Deploying artificial intelligence (AI) application in the enterprise raises a host of issues beyond technology. “We think of AI as being a neutral application, but it’s not,” said attorney Martha Buyer of Buffalo, NY. “You need to understand the inputs, variables, assumptions, and math before knowing how much value to give the outcome.”
An AI solution also needs to be compliant with legal and regulatory provisions, such as HIPAA in healthcare and Europe’s GDPR rules. “Do not rely on a vendor’s guidance – do your own due diligence,” Buyer said.
From writing code to deciding where to deploy an AI solution, IT professionals need to take a close look at the underlying biases and assumptions, said Buyer at Enterprise Connect 2019 session, “AI in the Enterprise: Factoring Ethics and Law into the Equation.”
Some questions to consider:
• Whose AI tools are being used?
• How reliable is the data going into the AI model?
• What factors are included – and what may have been missed?
• How are the factors weighted?
• How is the outcome determined?
• How will the outcome be used?
• How much will the provider share about how it does the math?
“Most providers are reluctant to tell you their ‘secret sauce,'” Buyer said. “But if you don’t know what’s going into the AI application, you won’t know the outcomes either.”

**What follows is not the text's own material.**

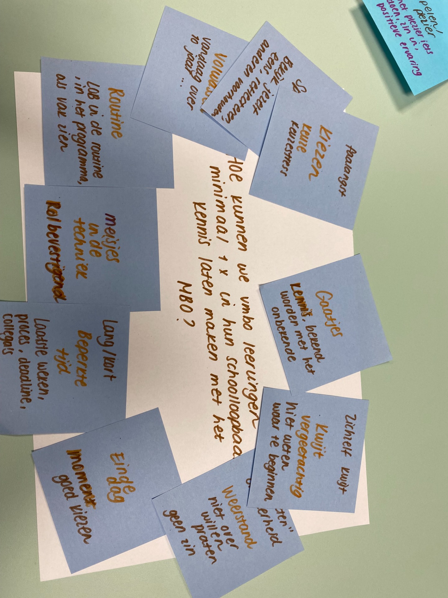 Het doel van deze ochtend was om samen met decanen van andere scholen in de omgeving tot een idee/ oplossing te komen voor deze vraag. Deze ochtend werd gehouden door een expert op het gebied van creatief denken op een school. Ze liet ons creatieve brein aanwakker, waarmee we deze ochtend aan de gang gingen met de design thinking methode. Dit moment heeft mij veel gebracht, doordat het goed aansloot bij de interventie waar ik op dit moment mee bezig ben. Er kwamen ideeën naar voren die ook goed aansloten bij mijn ideeën voor mijn interventie.

Earlier in her career, Buyer worked at a bank’s call center, where the agents were ranked monthly. “The smartest agent we had always came in second behind an agent who would disconnect complex calls so she could show a higher volume,” Buyer said.
Another example of the misuse of metrics occurred in Washington, DC, where teachers whose students performed poorly on an end-of-year test were let go. However, the students had not been tested at the start of the year, so there was no way to know whether a teacher had improved their performance or not, she said.
Buyer then turned to the question of liability concerns and other risks connected with AI in the enterprise. “What happens if a business decision based on AI outcomes turns out to be wrong,” she said. “Who is at fault here?”
Enterprises can also face risks related to data security and privacy as an AI application crunches information from customers, prospects, or employees to generate scenarios or likely outcomes. An AI solution also needs to be compliant with legal and regulatory provisions, such as HIPAA in healthcare and Europe’s GDPR rules. “Do not rely on a vendor’s guidance – do your own due diligence,” Buyer said.
IT professionals should also take a close look at the provisions in AI contracts, including who owns the data, and how the data will be compiled and weighted. Other contract issues include service expectations and planning for future technology innovations. If an AI model evolves, for instance, does the service provider have an obligation to deliver a more advanced version?
“You want as much contract flexibility as possible since this is such a fast-moving field,” Buyer said. “You should also consider a termination strategy right from the start. If the implementation doesn’t work, you need to be able to get out of the contract as efficiently as possible.”
Finally, Buyer reminded IT professionals that AI, however powerful, is only a tool that can’t measure the intangibles in the workplace. As she said, “When you reduce everything to numbers, you lose the human aspect, which is critical to making smart decisions.”